University in Yanpu, Taiwan

Tajen University (大仁科技大學 (Dàrén Kējì Dàxué)) is a private university in Yanpu Township, Pingtung County, Taiwan.

==History==
Taoyi Huang, the incumbent chairman of the board, and Yuan Tsai Lee, founded Tajen Pharmacy Institute in 1966. Tajen has grown and prospered during the years. When the institute was established, there was only one Department of Pharmacy, a five-year program for junior college students.

In 1980, other departments were established. Since its foundation, Tajen has been implementing its motto and pursuing the goal of becoming an excellent institute of higher learning. It has achieved this and has gained recognition from the Ministry of Education and society-at-large.
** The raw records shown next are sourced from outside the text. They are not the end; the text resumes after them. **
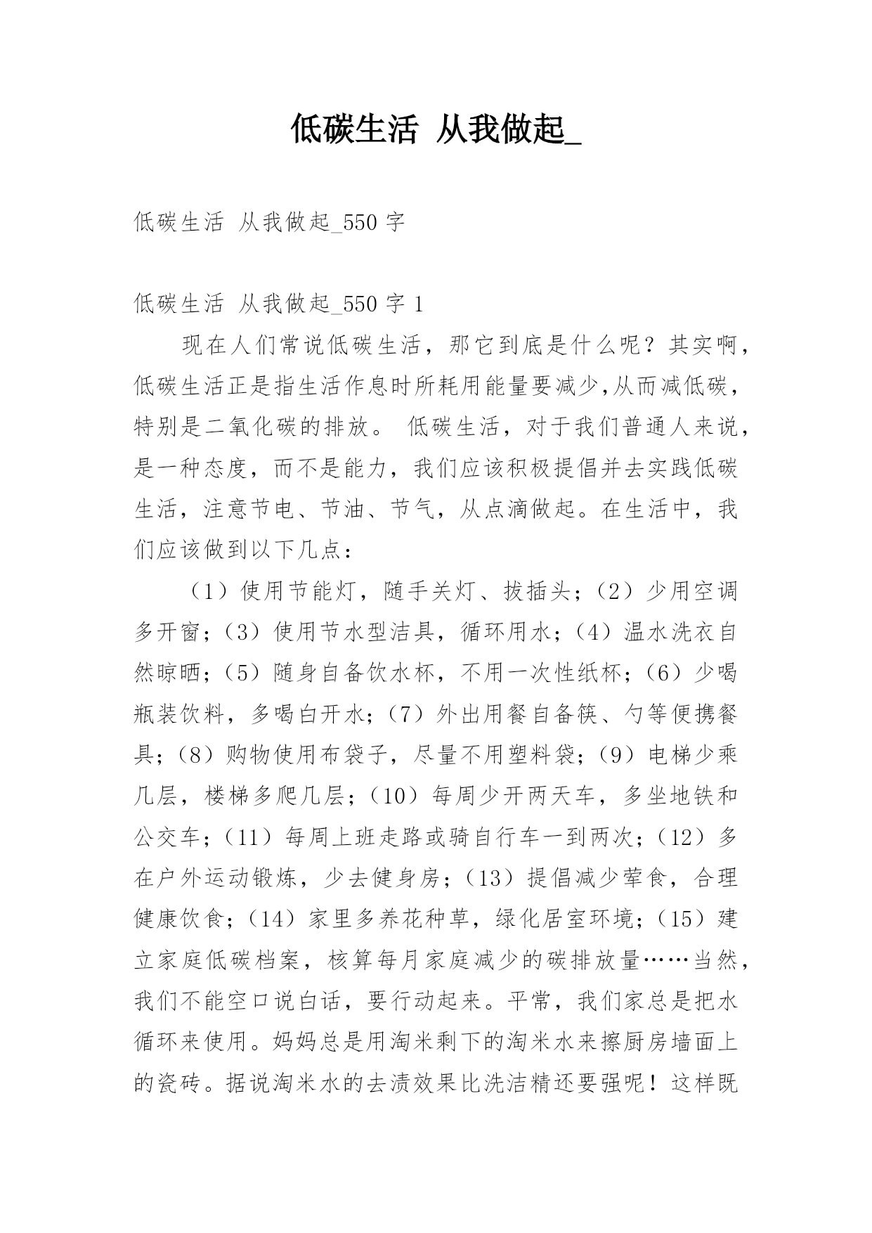 低碳生活从我做起_低碳生活从我做起_550字低碳生活从我做起_550字1现在人们常说低碳生活,那它到底是什么呢?其实啊,低碳生活正是指生活作息时所耗用能量要减少,从而减低碳,特别是二氧化碳的排放。低碳生活,对于我们普通人来说,是一种态度,而不是能力,我们应该积极提倡并去实践低碳生活,注意节电、节油、节气,从点滴做起。在生活中,我们应该做到以下几点:(1)使用节能灯,随手关灯、拔插头;(2)少用空调多开窗;(3)使用节水型洁具,循环用水;(4)温水洗衣自然晾晒;(5)随身自备饮水杯,不用一次性纸杯;(6)少
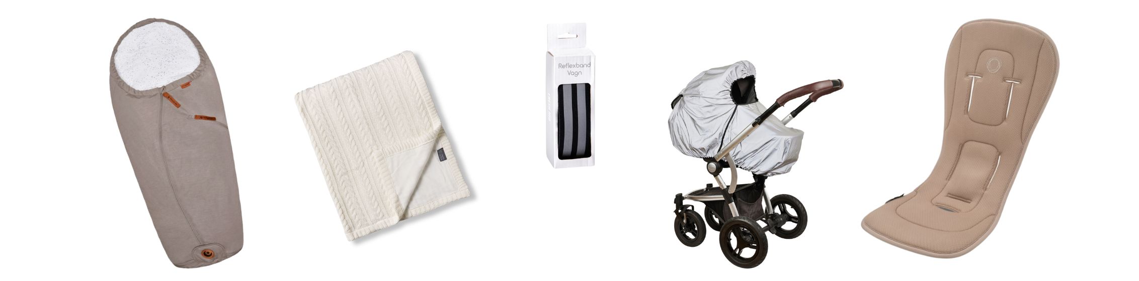 - Barnvagnshandskar: Håll dina egna händer varma med barnvagnshandskar som du fäster direkt på handtaget.
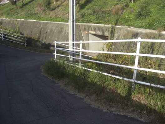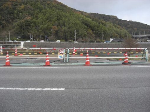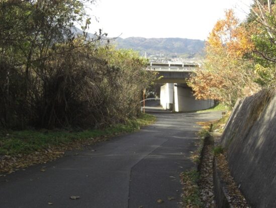 大崎橋を渡るとすぐ、山陽自動車道と国道2号線が並行して走っているので道は遮られ、堤防道より下り地下道に入り潜ります
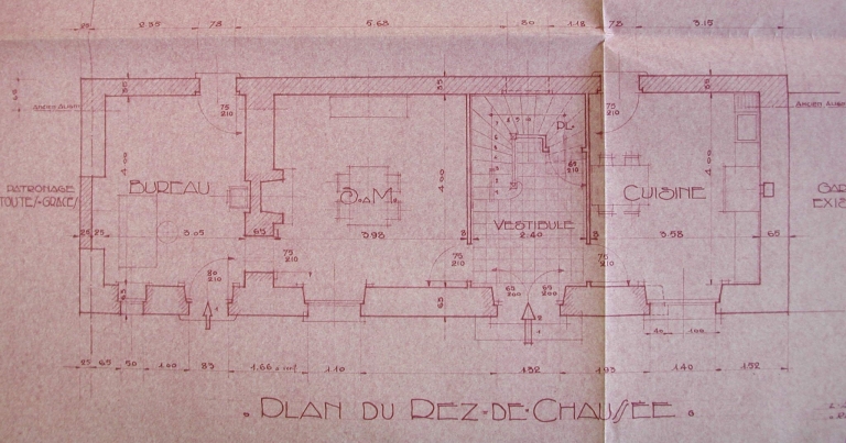 Plan du rez-de-chaussée, par Marcel Guillet, 1942 (A. C. Rennes)Immatriculation
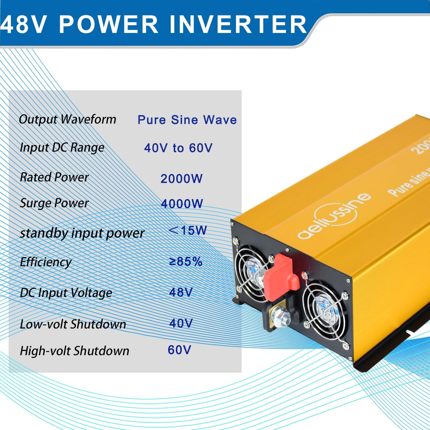 2000W Pure Sine Wave Inverter-48V DC to 110V 120V AC Power Converter with 2 AC Outlets, 48 Volt Power Inverter for Truck, Rv, Camping, Home, Emergency Power
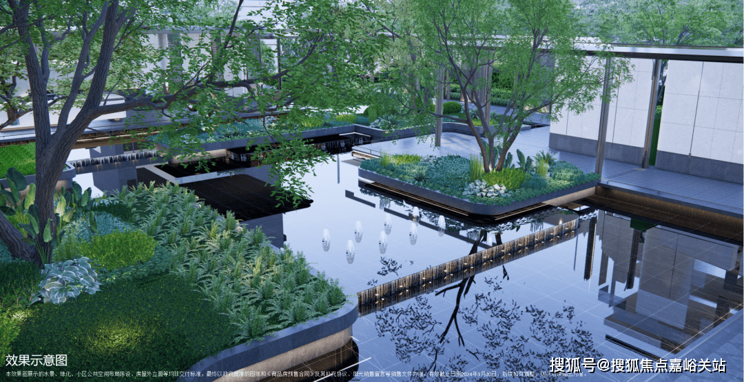 摩登水院,华灯映入水池,映出池底黑金沙的金光色,雍容华贵。☑️☑️招商臻境售楼处电话:☑️☑️
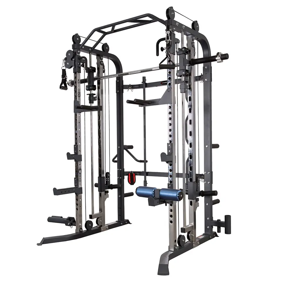 CYKLOP 1 SEMI COMMERCIAL Na każdej siłowni, w każdym klubie fitness znajduje się urządzenie cieszące się dużym zainteresowaniem. Urządzenie wspierające początkujących w ćwiczeniach, a zaawansowanym użytkownikom gwarantujące wiele możliwości urozmaicenia treningu. Mowa o Suwnicy Smitha. Jej początki sięgają lat 50-tych XX wieku. Konstrukcja Suwnicy Smitha wprowadza zupełnie nowe możliwości do treningu siłowego. Dzieje się tak przede wszystkim za sprawą zespolenia mechanizmu przesuwnego z gryfem oraz systemem asekuracji. Współczesne modele suwnicy Smitha są zazwyczaj wyposażane w dodatkowe elementy. Oznacza to, że decydując się na zakup suwnicy, możemy otrzymać urządzenie do kompleksowego treningu całego ciała. Takie kompleksowe urządzenie posiada w swojej ofercie marka HMS . Przedstawiamy suwnice o nazwie CYKLOP 1 HMS która jest stabilnym urządzeniem klasy Semi Commercial. Sprzęt idealnie nadaje się do użytku komercyjnego w małych klubach fitness a także w warunkach domowych. To urządzenie łączące klasyczną Suwnicę Smitha z wyciągami dzięki którym trening będzie wykonany w 100%. CYKLOP 1 gwarantuje całą gamę ćwiczeń na wszystkie grupy mięśniowe. Sztanga, drążek, dwa wyciągi z regulacją wysokości pozwolą wykonać olbrzymią ilość ćwiczeń. Ilość akcesoriów dołączonych do urządzenia gwarantuje zaangażowanie trenowanych mięśni pod różnym kątem dzięki temu w pełnym stopniu rozwiniemy mięśnie i wszystkie ich głowy mięśniowe . Dodatkowo akcesoria znacznie powiększają i urozmaicają listę ćwiczeń możliwych do wykonania. Każdy wykonywany ruch na suwnicy będzie bezpieczny dzięki wszystkim zabezpieczeniom i asekuracjom zamontowanym w urządzeniu. Suwnica posiada również wieszaki oraz specjalny uchwyt na wolną sztangę dzięki temu trening na wolnym ciężarze także jest możliwy . Konstrukcja CYKLOPA 1 idealnie nadaje się do współpracy z ławką. Ławka dostarczy mnóstwo dodatkowych możliwości wzbogacenia listy ćwiczeń możliwych do wykonania na suwnicy. CYKLOP 1 został wykonany z najwyższej jakości materiałów , gwarantujących bezpieczeństwo, stabilność i komfort podczas treningu. Suwnica jest bardzo cicha, a liniowe łożyska w jej mechanizmie gwarantują idealną płynność. Jego ergonomiczny kształt pozwoli optymalnie dobrać pozycje do ćwiczeń. Rolki wyciągów obracają się za ruchem ćwiczącego co daje ćwiczeniu jeszcze większą płynność i naturalność. Nie ma drugiej takiej maszyny na której można wykonać tak mnóstwo ćwiczeń na tak niewielkiej powierzchni. To rewolucyjne urządzenie spełni oczekiwania nawet najbardziej wymagających użytkowników. Przyrząd do kompleksowego ćwiczenia górnych i dolnych grup mięśniowych: Barki Klatka piersiowa Grzbiet Biceps Triceps Brzuch Prostownik grzbietu Pośladek Czworogłowy uda Dwugłowy uda Specyfikacja: Wymiary produktu: długość: 1990 mm szerokość: 1500 mm wysokość: 2200 mm Rama główna: 50x70x2mm Gryf: długość: 194 cm średnica: 31 mm waga: 20 kg Łożyska we wszystkich krążkach Łożyska liniowe w mechanizmie suwnicy Rodzaj obciążenia: talerze obciążeniowe (nie są dołączone do zestawu) Uchwyty do zawieszenia wolnych ciężarów o średnicy 50 i 25 mm Prowadnice gryfu z mechanizmem bezpieczeństwa Regulacja napięcia linek Asekuracja: 14 stopni Podpory na sztangę Możliwość treningu z ławką Wykończenie: malowanie proszkowe Maksymalne obciążenie wyciągu 900 kg Maksymalna waga użytkownika: 160 kg Waga produktu: netto: 139,5kg, brutto: 152kg Przyrządy do ćwiczeń: Suwnica Smitha Dwa wyciągi z regulowaną wysokością Drążek Wymiary kartonów: 1: 200 x 45 x 17 cm 2: 144 x 59,5 x 22 cm 3: 135 x 48,5 x 22 cm Wagi kartonów: 1: 58,5 kg 2: 56, 5 kg 3: 37 kg Lista akcesoriów: Prosty gryf podpinany pod dwa wyciągi x 1 Łamany gryf podpinany pod dwa wyciągi x 1 Metalowy pojedynczy uchwyt x 2 Materiałowy pojedynczy uchwyt x 2 Trójkątny uchwyt x 1 Sznur podwójny x 1 Sznur pojedynczy x 1 Podwójny uchwyt x 1 Opaska na kostkę x 1 Nakładka na gryf x 1 Uwagi: Semi Commercial Gwarancja 24 miesiące w przypadku użytku domowego Gwarancja 12 mięsięcy w przypadku użytku komercyjnego

Tajen was upgraded from a five-year junior college to a university-level institute of Tajen University with affiliated five-year junior college programs since August 1, 1999 by permission of the Ministry of Education. Moreover, to carry out the education policy of lifelong learning, Tajen provides programs such as a two-year bachelor program for junior college graduates, and another two-year program for high school graduates. Currently, the student population exceeds 14,000.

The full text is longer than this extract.